START Extracted data
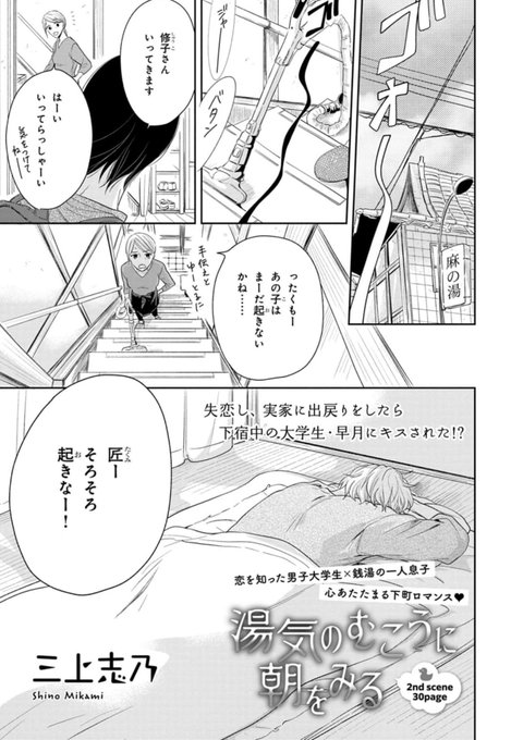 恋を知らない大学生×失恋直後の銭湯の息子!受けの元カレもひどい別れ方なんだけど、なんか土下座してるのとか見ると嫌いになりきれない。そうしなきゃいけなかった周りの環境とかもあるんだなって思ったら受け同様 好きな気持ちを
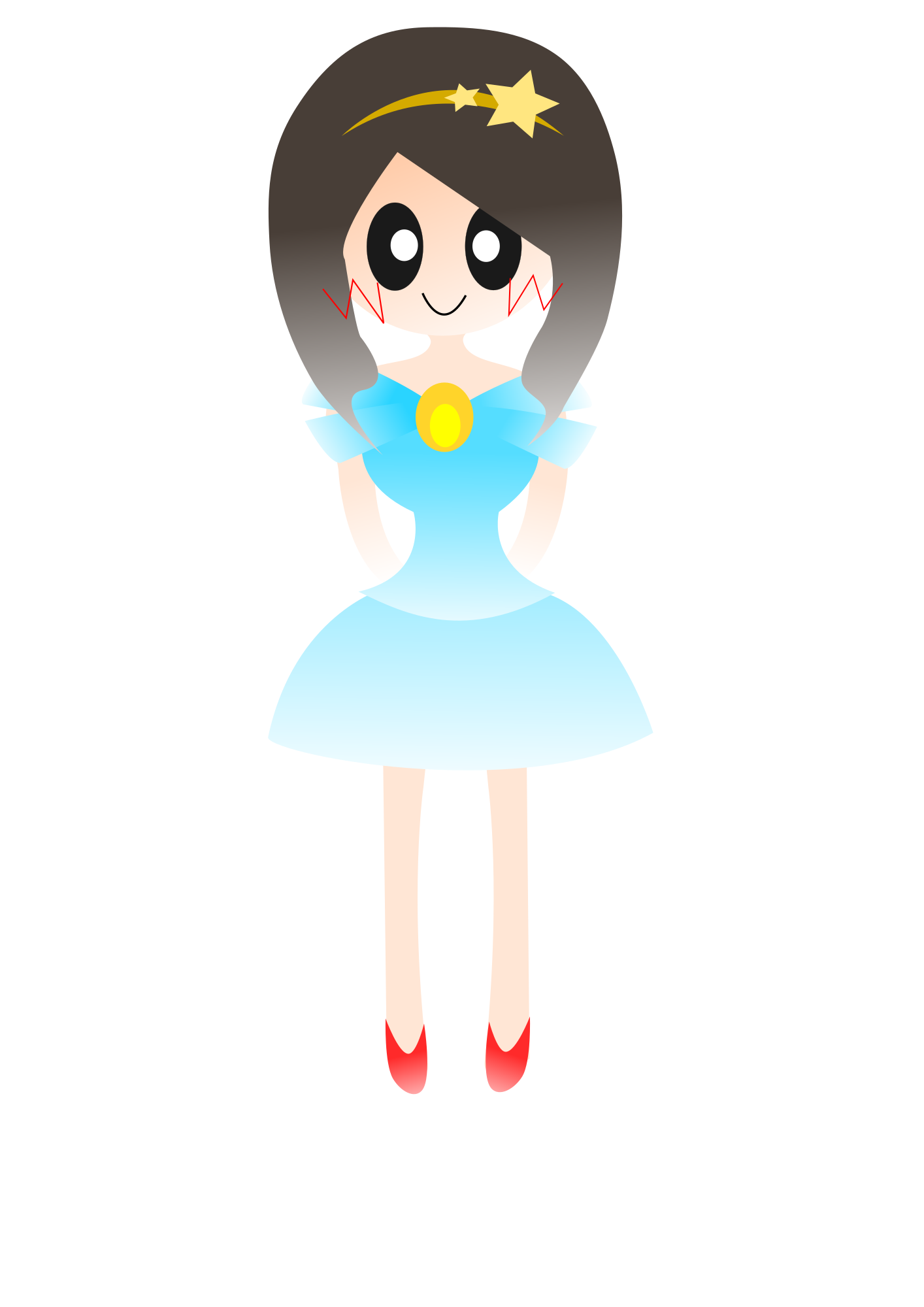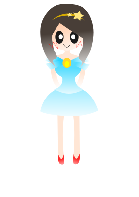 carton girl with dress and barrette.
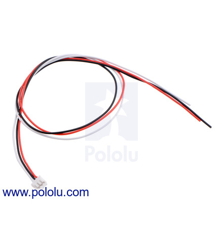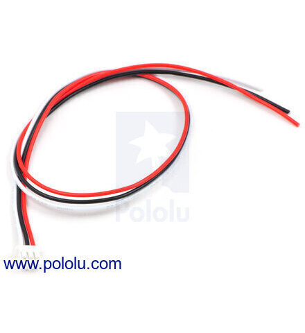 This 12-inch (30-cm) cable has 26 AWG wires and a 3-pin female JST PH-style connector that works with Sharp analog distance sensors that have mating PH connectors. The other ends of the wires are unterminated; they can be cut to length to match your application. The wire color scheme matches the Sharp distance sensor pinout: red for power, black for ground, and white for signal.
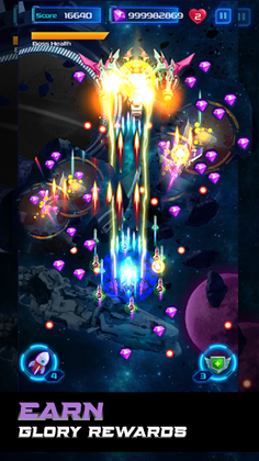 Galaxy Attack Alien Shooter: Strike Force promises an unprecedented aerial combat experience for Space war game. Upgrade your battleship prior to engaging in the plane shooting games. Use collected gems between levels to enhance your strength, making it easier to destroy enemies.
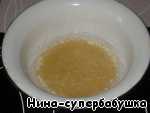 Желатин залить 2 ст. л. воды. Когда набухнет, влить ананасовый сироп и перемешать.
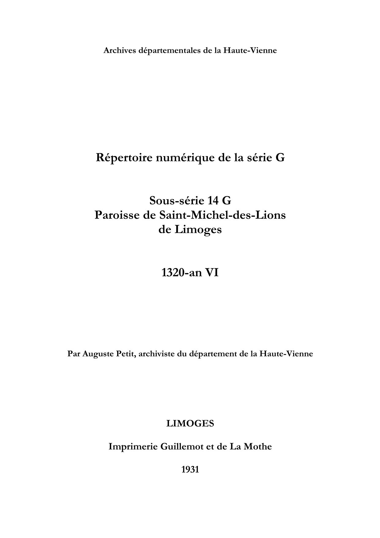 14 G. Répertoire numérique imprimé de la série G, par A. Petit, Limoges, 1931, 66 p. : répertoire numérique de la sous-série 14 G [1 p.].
END Extracted data
- _Directions_
For the entries above, the output must hold exactly the lines from the one with "carton girl with dress and barrette." through the last line, both included, and no pictures.

- _Result of this task_
 carton girl with dress and barrette.
 This 12-inch (30-cm) cable has 26 AWG wires and a 3-pin female JST PH-style connector that works with Sharp analog distance sensors that have mating PH connectors. The other ends of the wires are unterminated; they can be cut to length to match your application. The wire color scheme matches the Sharp distance sensor pinout: red for power, black for ground, and white for signal.
 Galaxy Attack Alien Shooter: Strike Force promises an unprecedented aerial combat experience for Space war game. Upgrade your battleship prior to engaging in the plane shooting games. Use collected gems between levels to enhance your strength, making it easier to destroy enemies.
 Желатин залить 2 ст. л. воды. Когда набухнет, влить ананасовый сироп и перемешать.
 14 G. Répertoire numérique imprimé de la série G, par A. Petit, Limoges, 1931, 66 p. : répertoire numérique de la sous-série 14 G [1 p.].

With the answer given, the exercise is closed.